Does Bruce Jenner drive a subaru? I mean c'mon, he's been a lesbian trapped in a man's body all his life....right? :shock:


----------



## LostLouisianian (Oct 11, 2010)

3arabians said:


> I would shoot and then worry about finding someone a tissue or dodging rocks later.


I think you make a good point. After all, it is HUNTING season and these people are in areas people are allowed to legally HUNT. So what do you expect? I'm not sure what I would do but if they were no where near the line of fire and everything was legal I might just fire off just to P!ss them off. I don't mind people watching wildlife and I love to watch wildlife myself but when hunting season rolls around then the watchers need to expect to see hunters and wild game being harvested. To me it's nothing different than when I used to duck hunt back in Louisiana and jackwagons would come park their boats 100 yards away and fish, scaring away any ducks that would be willing to come my way. I usually gave them a nice loud shout verbal warning and if that didn't work then I fired up high so the pellets would land close to them but not on them. Usually the one shot would make them pull up stakes and go find another spot.


----------



## johnnycake (Jul 19, 2011)

I'm not sure if Utah has a law like this or not, but in Alaska for example, whoever is "using" the wildlife first aka photography, sightseeing, or hunting has a protected right to finish their use before someone can interfere with it. That would mean if you came across nonhunters looking at an animal you wanted to hunt, either they or the animal would have to move off before you could begin your stalk, otherwise you are interfering with their lawful use.


----------



## devobrodie (Feb 7, 2015)

We had a situation once where my brother had made a less than perfect shot on a deer in archery season after several miles and hrs. of tracking we found the deer had dropped down a steep hill and was now bedded up right along a hwy. To make it worse the hwy. had road work going on and there was a traffic stop directly in view of the area. We tried to time it so when they let the traffic go my brother got in close, but the buck was bedded in a thick stand of willows. I let him know when the cars started moving, he moved in and had to break branches to get a clear lane. He put one more in the buck, but with a last kick of adrenaline the buck busted through the willows, went across the river and right up to the hwy. By now there was more traffic, the buck went up the bank looked right at the driver of a big rig sitting in the stop. Turned around and went back in the river, lost his footing and went down stream. I went running down the river to see if I could find it, eventually found it dead under a root ball of a tree in the river. What a fiasco! We felt that we had to put it out of it's misery as soon as we could, just one heck of situation.


----------



## 30-06-hunter (Sep 22, 2013)

LostLouisianian said:


> I think you make a good point. After all, it is HUNTING season and these people are in areas people are allowed to legally HUNT. So what do you expect? I'm not sure what I would do but if they were no where near the line of fire and everything was legal I might just fire off just to P!ss them off. I don't mind people watching wildlife and I love to watch wildlife myself but when hunting season rolls around then the watchers need to expect to see hunters and wild game being harvested. To me it's nothing different than when I used to duck hunt back in Louisiana and jackwagons would come park their boats 100 yards away and fish, scaring away any ducks that would be willing to come my way. I usually gave them a nice loud shout verbal warning and if that didn't work then I fired up high so the pellets would land close to them but not on them. Usually the one shot would make them pull up stakes and go find another spot.

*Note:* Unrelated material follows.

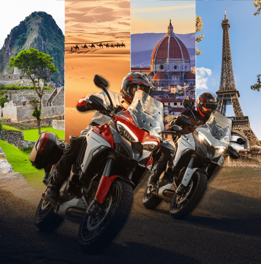 Somos la empresa líder en viajes en motocicleta alrededor del mundo. Con más de 10 años en el mercado, estamos comprometidos con la eficiencia, la calidad del servicio y la atención al detalle, asegurando que cada viajero viva una aventura auténtica y diferente. No realizamos viajes convencionales; nuestra prioridad es mostrar los lugares más increíbles de cada destino.

Although most folks do not usually fish in the same areas as duck hunters, I'm pretty sure if you fired this close to most people you would be facing more than you would ever want to deal with. Fall fishing is a great time to be on the water for some folks and they have EVERY right to be where they are even if you are right next to them, so keep this in mind before you end up in a situation you can't get out of.


----------



## LostLouisianian (Oct 11, 2010)

30-06-hunter said:


> Although most folks do not usually fish in the same areas as duck hunters, I'm pretty sure if you fired this close to most people you would be facing more than you would ever want to deal with. Fall fishing is a great time to be on the water for some folks and they have EVERY right to be where they are even if you are right next to them, so keep this in mind before you end up in a situation you can't get out of.

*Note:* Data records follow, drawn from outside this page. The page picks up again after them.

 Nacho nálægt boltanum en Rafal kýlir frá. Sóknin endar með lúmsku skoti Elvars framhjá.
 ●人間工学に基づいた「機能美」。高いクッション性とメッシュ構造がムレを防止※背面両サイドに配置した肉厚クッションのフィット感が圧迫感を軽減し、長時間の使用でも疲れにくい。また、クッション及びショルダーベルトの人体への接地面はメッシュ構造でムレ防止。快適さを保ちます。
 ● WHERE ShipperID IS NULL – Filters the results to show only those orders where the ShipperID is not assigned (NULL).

Yes they do have every right to fish, I am not going to be responsible when I was there first and they decided to park their boat within peppering range. When there's 20,000+ acres to fish in and they come within shotgun range of a duck hunter that's just stupid beyond all comprehension.


----------



## 30-06-hunter (Sep 22, 2013)

johnnycake said:


> I'm not sure if Utah has a law like this or not, but in Alaska for example, whoever is "using" the wildlife first aka photography, sightseeing, or hunting has a protected right to finish their use before someone can interfere with it. That would mean if you came across nonhunters looking at an animal you wanted to hunt, either they or the animal would have to move off before you could begin your stalk, otherwise you are interfering with their lawful use.

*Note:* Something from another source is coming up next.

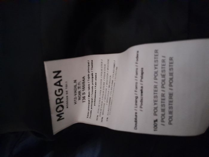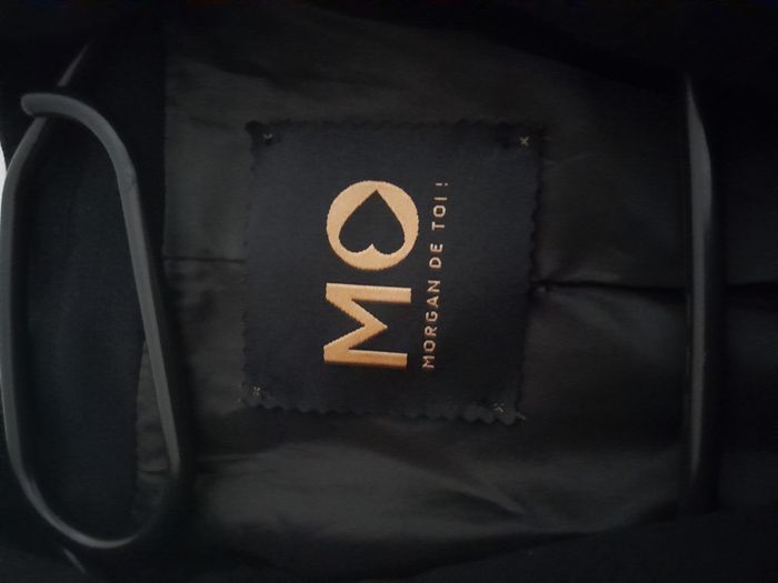 Vends 1 Manteau Marque Morgan de toi Achetée à Saint Malo en boutique Détails: 2 fausses poches 1 poche avec plaque dorée écrit Morgan Boutons dorés avec inscription Morgan de toi Tissus Principal: Polyster 65% Viscose 30% Elasthanne 5% Tissu intérieur: Polyster 100% Taille S/36 Prix 60 euros
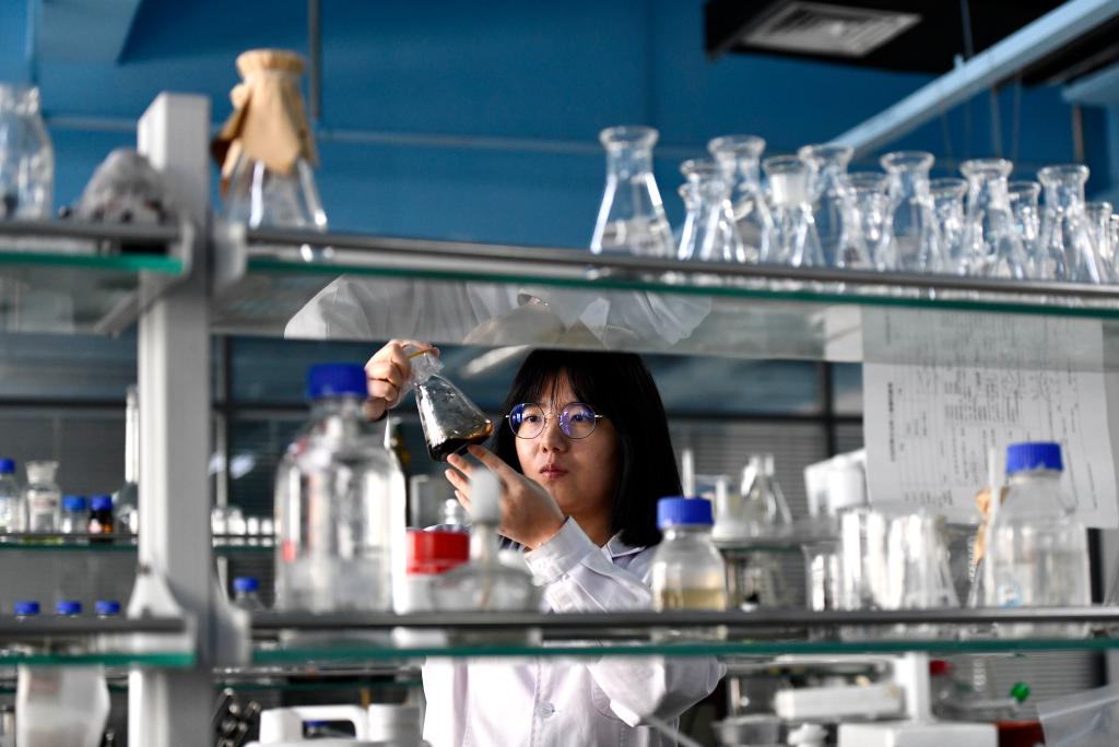 天津濱海-中關(guān)村科技園的天津慧智百川生物工程有限公司內(nèi),工作人員正在做實驗。(新華社記者 趙子碩 攝)

That's actually a pretty cool law and can see the purpose of it.


----------



## 30-06-hunter (Sep 22, 2013)

LostLouisianian said:


> Yes they do have every right to fish, I am not going to be responsible when I was there first and they decided to park their boat within peppering range. When there's 20,000+ acres to fish in and they come within shotgun range of a duck hunter that's just stupid beyond all comprehension.


Yes, but you openly admitting on a public forum that you would intentionally fire close to them makes you look to be the bigger fool or offender, see my point?


----------



## Airborne (May 29, 2009)

Openly questioning what's wrong with a Subaru on on a public forum does tend to make you look like the bigger fool.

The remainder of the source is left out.